WHAT TO DO: Give back each record precisely, pictures excluded.

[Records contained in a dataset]
:::::

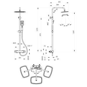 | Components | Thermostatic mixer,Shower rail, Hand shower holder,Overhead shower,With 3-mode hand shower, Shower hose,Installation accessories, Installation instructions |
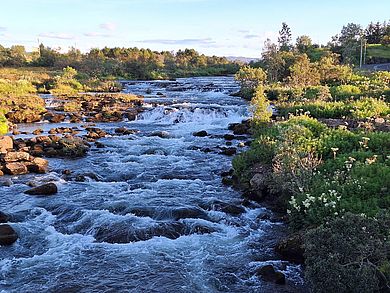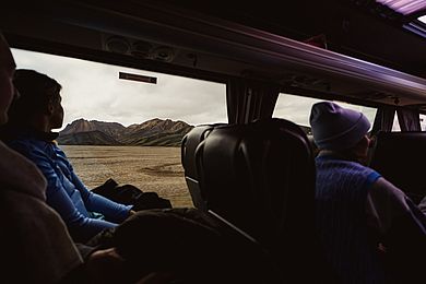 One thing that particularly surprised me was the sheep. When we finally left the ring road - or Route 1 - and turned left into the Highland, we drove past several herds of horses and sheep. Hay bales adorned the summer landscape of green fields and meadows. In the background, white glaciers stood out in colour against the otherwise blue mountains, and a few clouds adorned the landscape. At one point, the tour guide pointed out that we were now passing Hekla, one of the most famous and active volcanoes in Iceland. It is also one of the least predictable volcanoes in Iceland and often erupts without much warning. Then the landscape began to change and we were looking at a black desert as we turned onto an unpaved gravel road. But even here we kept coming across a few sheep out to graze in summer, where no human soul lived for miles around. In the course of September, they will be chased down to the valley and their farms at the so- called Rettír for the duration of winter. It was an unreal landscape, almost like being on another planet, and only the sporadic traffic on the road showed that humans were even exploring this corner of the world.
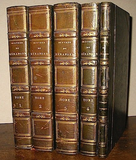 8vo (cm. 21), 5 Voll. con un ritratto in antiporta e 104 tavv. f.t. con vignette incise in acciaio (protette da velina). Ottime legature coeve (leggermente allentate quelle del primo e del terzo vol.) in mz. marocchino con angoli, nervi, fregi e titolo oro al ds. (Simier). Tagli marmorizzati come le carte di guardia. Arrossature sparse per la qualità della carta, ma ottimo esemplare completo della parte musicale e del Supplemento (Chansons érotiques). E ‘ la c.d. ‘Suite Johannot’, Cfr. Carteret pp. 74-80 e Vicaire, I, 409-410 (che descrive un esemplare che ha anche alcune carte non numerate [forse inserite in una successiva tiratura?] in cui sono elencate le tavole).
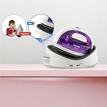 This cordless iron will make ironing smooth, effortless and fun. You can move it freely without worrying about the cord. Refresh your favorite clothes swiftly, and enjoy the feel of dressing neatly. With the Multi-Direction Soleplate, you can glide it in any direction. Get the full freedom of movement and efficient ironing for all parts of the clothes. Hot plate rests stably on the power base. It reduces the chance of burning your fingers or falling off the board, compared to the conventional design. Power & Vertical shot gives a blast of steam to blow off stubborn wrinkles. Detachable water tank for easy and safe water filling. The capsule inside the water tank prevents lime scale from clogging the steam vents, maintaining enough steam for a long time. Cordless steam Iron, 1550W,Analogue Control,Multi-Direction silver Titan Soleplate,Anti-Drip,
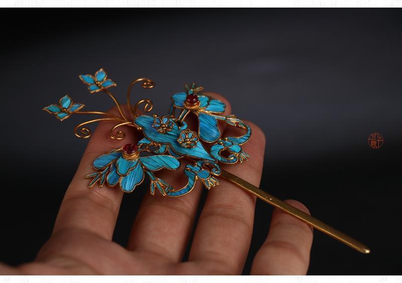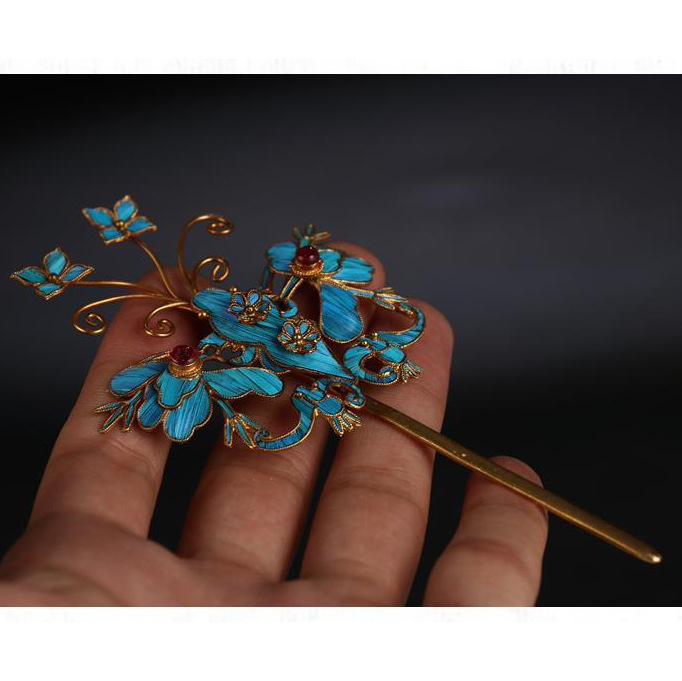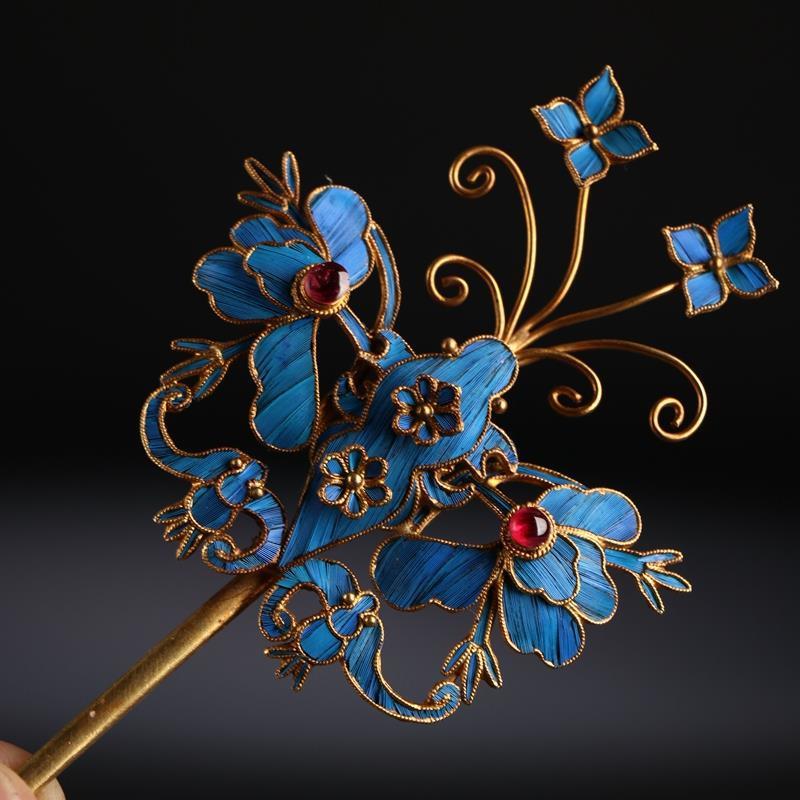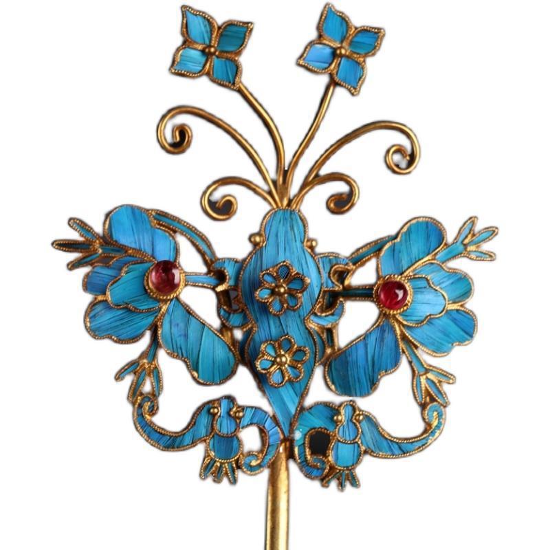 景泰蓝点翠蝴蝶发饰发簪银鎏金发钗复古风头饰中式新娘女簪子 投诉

:::::

REPLY TO THE EXERCISE:
 | Components | Thermostatic mixer,Shower rail, Hand shower holder,Overhead shower,With 3-mode hand shower, Shower hose,Installation accessories, Installation instructions |
 One thing that particularly surprised me was the sheep. When we finally left the ring road - or Route 1 - and turned left into the Highland, we drove past several herds of horses and sheep. Hay bales adorned the summer landscape of green fields and meadows. In the background, white glaciers stood out in colour against the otherwise blue mountains, and a few clouds adorned the landscape. At one point, the tour guide pointed out that we were now passing Hekla, one of the most famous and active volcanoes in Iceland. It is also one of the least predictable volcanoes in Iceland and often erupts without much warning. Then the landscape began to change and we were looking at a black desert as we turned onto an unpaved gravel road. But even here we kept coming across a few sheep out to graze in summer, where no human soul lived for miles around. In the course of September, they will be chased down to the valley and their farms at the so- called Rettír for the duration of winter. It was an unreal landscape, almost like being on another planet, and only the sporadic traffic on the road showed that humans were even exploring this corner of the world.
 8vo (cm. 21), 5 Voll. con un ritratto in antiporta e 104 tavv. f.t. con vignette incise in acciaio (protette da velina). Ottime legature coeve (leggermente allentate quelle del primo e del terzo vol.) in mz. marocchino con angoli, nervi, fregi e titolo oro al ds. (Simier). Tagli marmorizzati come le carte di guardia. Arrossature sparse per la qualità della carta, ma ottimo esemplare completo della parte musicale e del Supplemento (Chansons érotiques). E ‘ la c.d. ‘Suite Johannot’, Cfr. Carteret pp. 74-80 e Vicaire, I, 409-410 (che descrive un esemplare che ha anche alcune carte non numerate [forse inserite in una successiva tiratura?] in cui sono elencate le tavole).
 This cordless iron will make ironing smooth, effortless and fun. You can move it freely without worrying about the cord. Refresh your favorite clothes swiftly, and enjoy the feel of dressing neatly. With the Multi-Direction Soleplate, you can glide it in any direction. Get the full freedom of movement and efficient ironing for all parts of the clothes. Hot plate rests stably on the power base. It reduces the chance of burning your fingers or falling off the board, compared to the conventional design. Power & Vertical shot gives a blast of steam to blow off stubborn wrinkles. Detachable water tank for easy and safe water filling. The capsule inside the water tank prevents lime scale from clogging the steam vents, maintaining enough steam for a long time. Cordless steam Iron, 1550W,Analogue Control,Multi-Direction silver Titan Soleplate,Anti-Drip,
 景泰蓝点翠蝴蝶发饰发簪银鎏金发钗复古风头饰中式新娘女簪子 投诉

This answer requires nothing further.